• [Exercise aim] The entries are to be reproduced verbatim, and their pictures left out.

[Stored data]
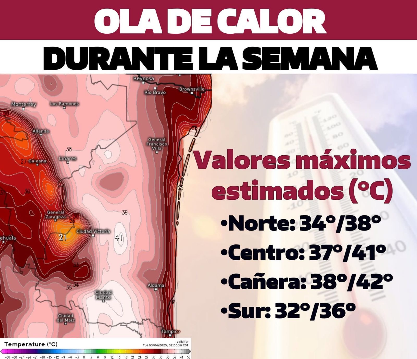 Ciudad Victoria, Tamaulipas (27 de abril de 2026).- El estado de Tamaulipas enfrenta un escenario climático crítico. Protección Civil estatal ha emitido un aviso oficial ante la llegada de una intensa ola de calor que generará temperaturas extremas en la mayor parte del territorio durante las próximas jornadas.
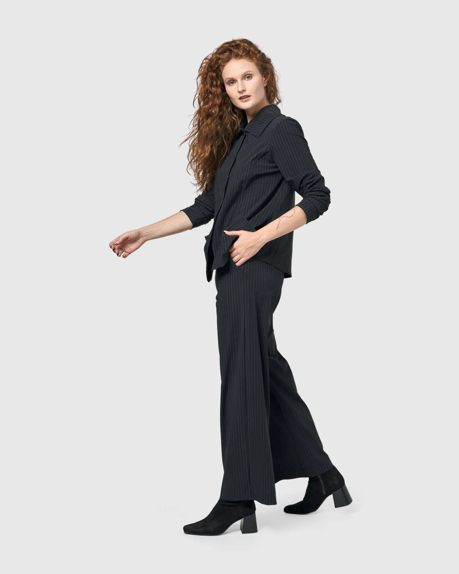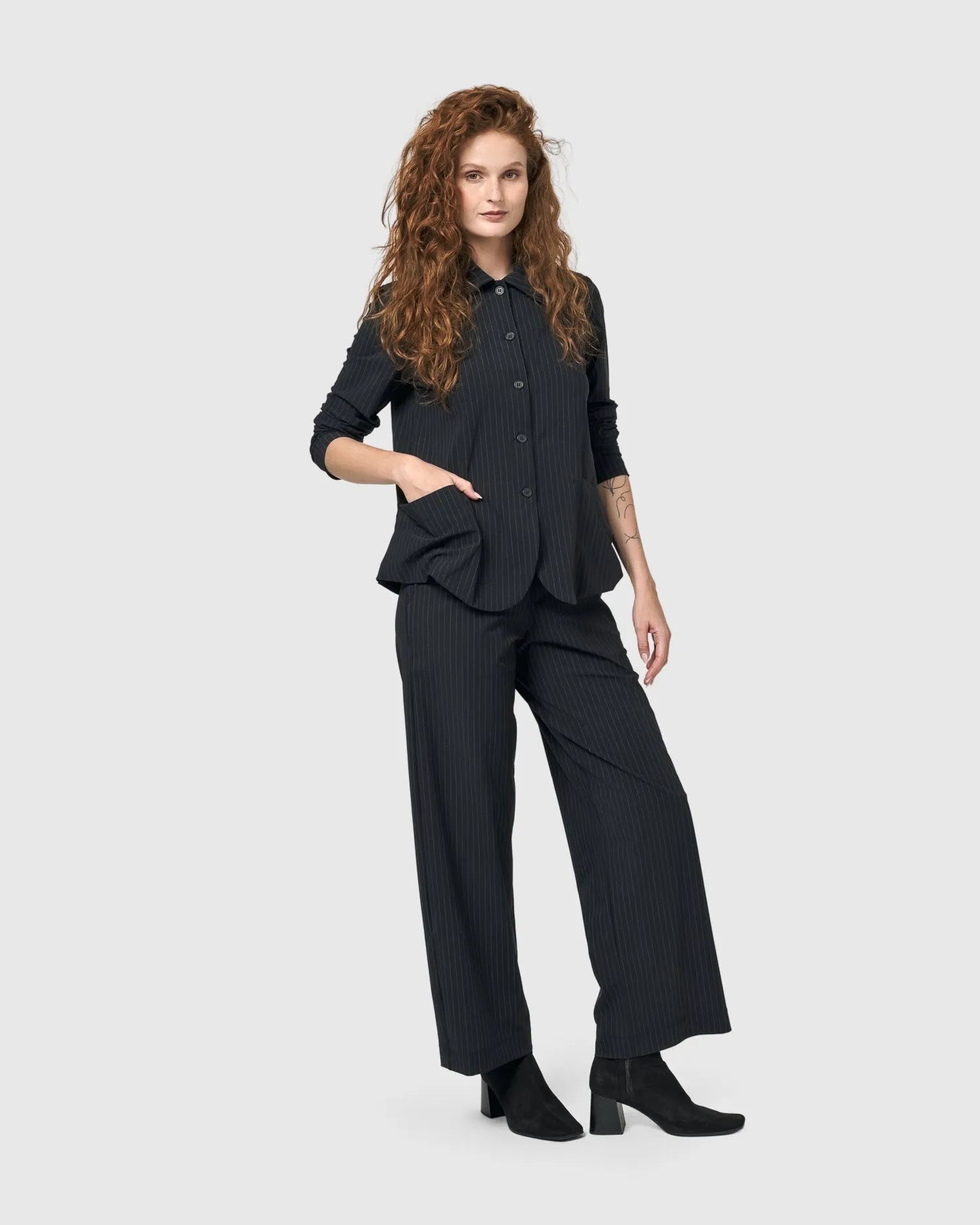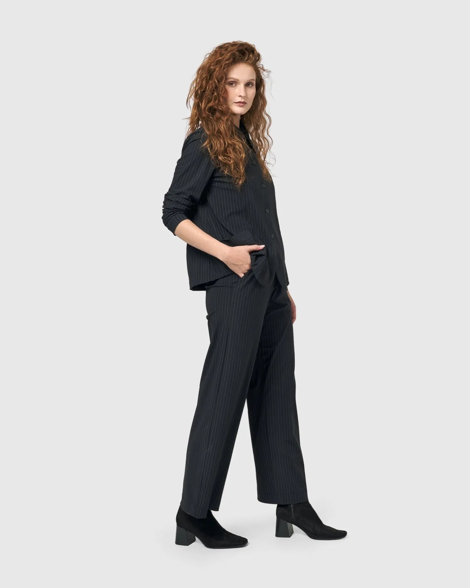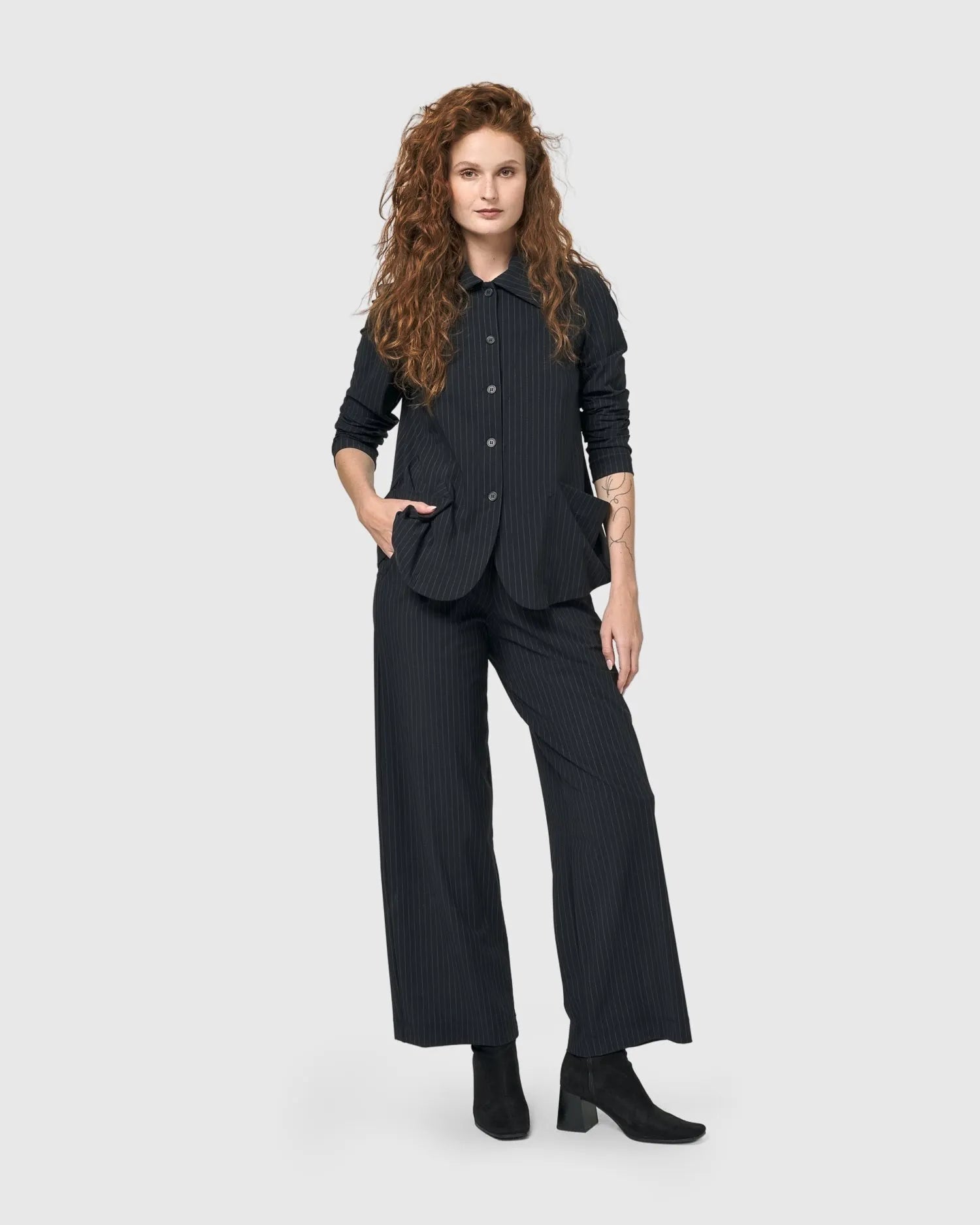 Business meets chic in this slim-fit, stretchy sporty blazer made with pinstriped TECHNO fabric. Features a curved hem, draped side pockets, and flat front buttons.
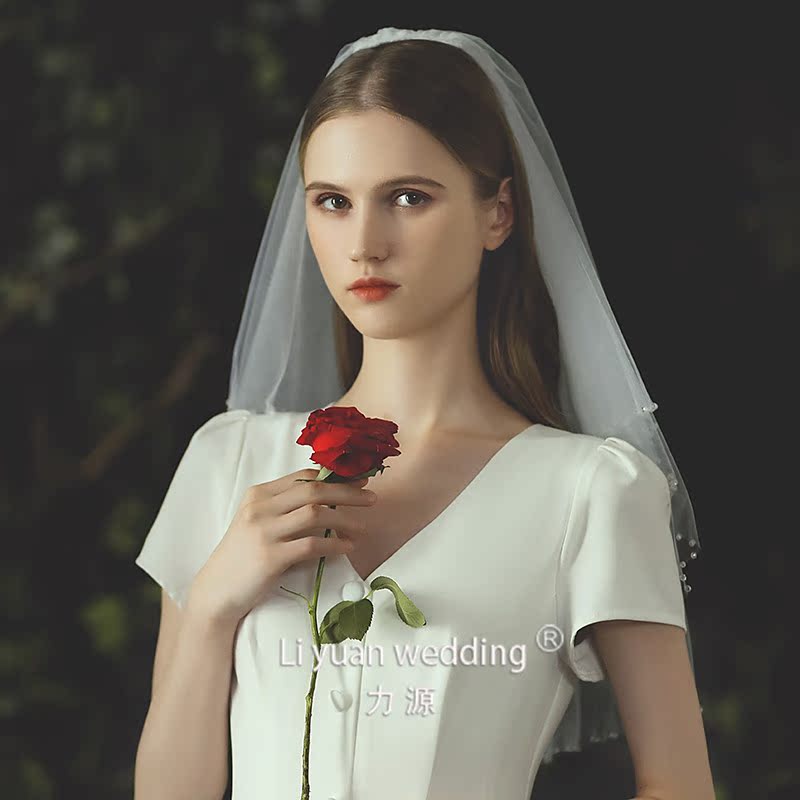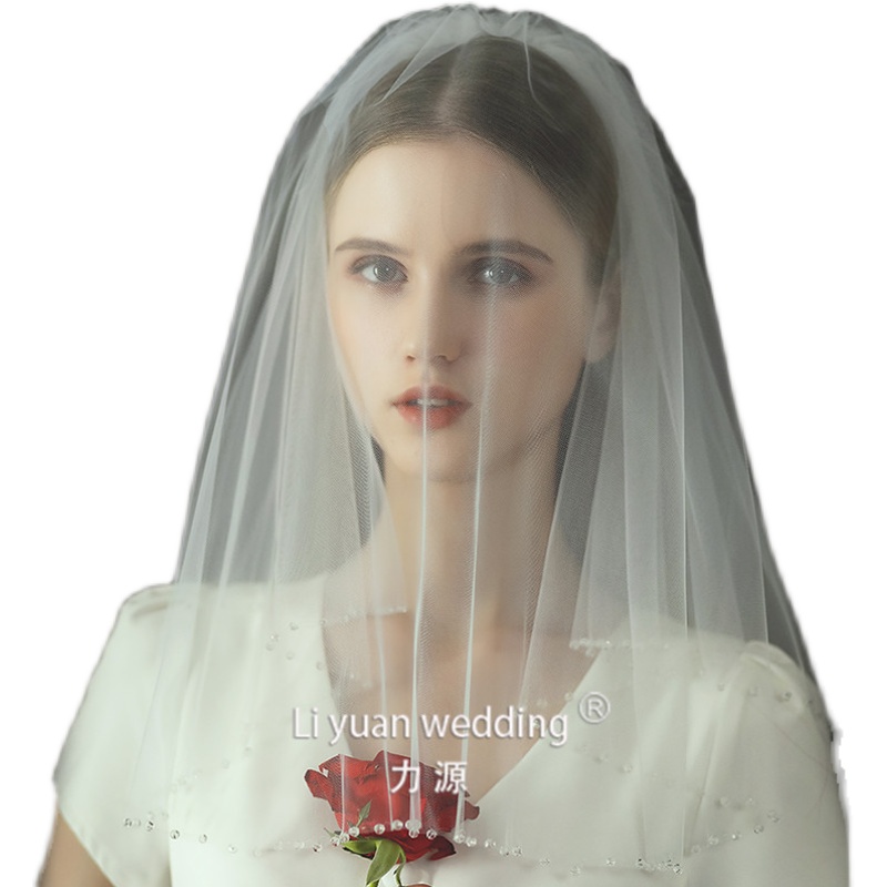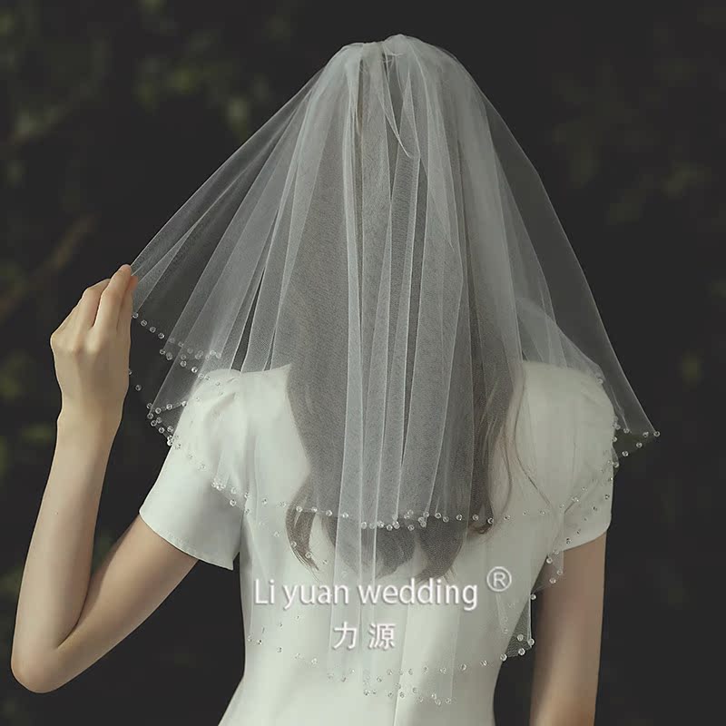 2021 Summer new Korean bridal head yarn Short double sensual minimalist with hand sewn beads wedding mesh yarn headwear
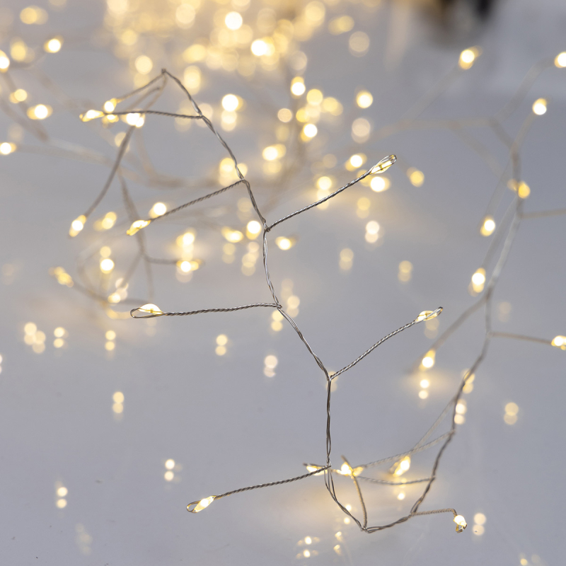 480 mini χριστουγεννιάτικα λαμπάκια Led τύπου cluster με σταθερό θερμό λευκό φωτισμό της εταιρείας Eurolamp. Έχουν βαθμό στεγανότητας IP44 που τα καθιστά κατάλληλα για εσωτερικούς και για εξωτερικούς χώρους. Το καλώδιο είναι κατασκευασμένο από χαλκό σε ασημί χρώμα. Τα λαμπάκια έχουν απόσταση μεταξύ τους 3.3εκ. Το συνολικό μήκος είναι 9.4 μέτρα εκ των οποίων τα 5 μέτρα είναι καλώδιο επέκτασης με αντάπτορα. Διαθέτει ενσωματωμένες πλακέτες Led συνολικής ισχύος 6Watt, θερμού λευκού φωτός (2200K-2300Κ).
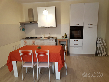 Si affitta per brevi periodi casa vacanze fronte mare al piano terra, appena ristrutturata, arredata con mobili nuovi e climatizzata. Si compone di bel salotto di ingresso con divano letto matrimoniale e clima caldo/freddo, zona living con cucina - soggiorno ed accesso al terrazzino fronte mare, 2 camere da letto matrimoniali, bagno e ripostiglio
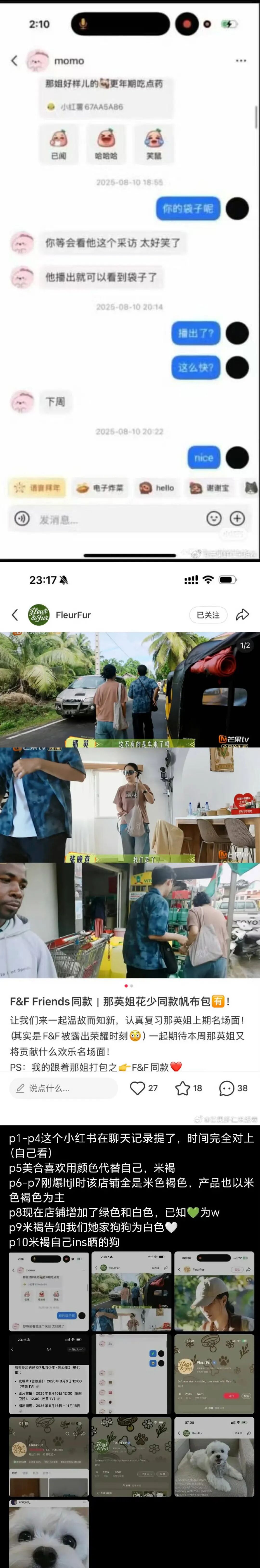 其实这个潮牌的瓜早就有迹可循,此前王一博被泄露的聊天记录里,王一博和綦美合就提到过这个品牌,创立的时间线完全能对上。该潮牌的背景图“骨头元素”,发出来的宠物狗照片都和綦美合早期的社交动态对上了,綦美合喜欢用“米褐”代称自己,该账号主推的产品都是米色、褐色元素;这个账号发过《花少》的品牌包预告,后来那英真的在节目中背了同款包。

• [Your solution]
 Ciudad Victoria, Tamaulipas (27 de abril de 2026).- El estado de Tamaulipas enfrenta un escenario climático crítico. Protección Civil estatal ha emitido un aviso oficial ante la llegada de una intensa ola de calor que generará temperaturas extremas en la mayor parte del territorio durante las próximas jornadas.
 Business meets chic in this slim-fit, stretchy sporty blazer made with pinstriped TECHNO fabric. Features a curved hem, draped side pockets, and flat front buttons.
 2021 Summer new Korean bridal head yarn Short double sensual minimalist with hand sewn beads wedding mesh yarn headwear
 480 mini χριστουγεννιάτικα λαμπάκια Led τύπου cluster με σταθερό θερμό λευκό φωτισμό της εταιρείας Eurolamp. Έχουν βαθμό στεγανότητας IP44 που τα καθιστά κατάλληλα για εσωτερικούς και για εξωτερικούς χώρους. Το καλώδιο είναι κατασκευασμένο από χαλκό σε ασημί χρώμα. Τα λαμπάκια έχουν απόσταση μεταξύ τους 3.3εκ. Το συνολικό μήκος είναι 9.4 μέτρα εκ των οποίων τα 5 μέτρα είναι καλώδιο επέκτασης με αντάπτορα. Διαθέτει ενσωματωμένες πλακέτες Led συνολικής ισχύος 6Watt, θερμού λευκού φωτός (2200K-2300Κ).
 Si affitta per brevi periodi casa vacanze fronte mare al piano terra, appena ristrutturata, arredata con mobili nuovi e climatizzata. Si compone di bel salotto di ingresso con divano letto matrimoniale e clima caldo/freddo, zona living con cucina - soggiorno ed accesso al terrazzino fronte mare, 2 camere da letto matrimoniali, bagno e ripostiglio
 其实这个潮牌的瓜早就有迹可循,此前王一博被泄露的聊天记录里,王一博和綦美合就提到过这个品牌,创立的时间线完全能对上。该潮牌的背景图“骨头元素”,发出来的宠物狗照片都和綦美合早期的社交动态对上了,綦美合喜欢用“米褐”代称自己,该账号主推的产品都是米色、褐色元素;这个账号发过《花少》的品牌包预告,后来那英真的在节目中背了同款包。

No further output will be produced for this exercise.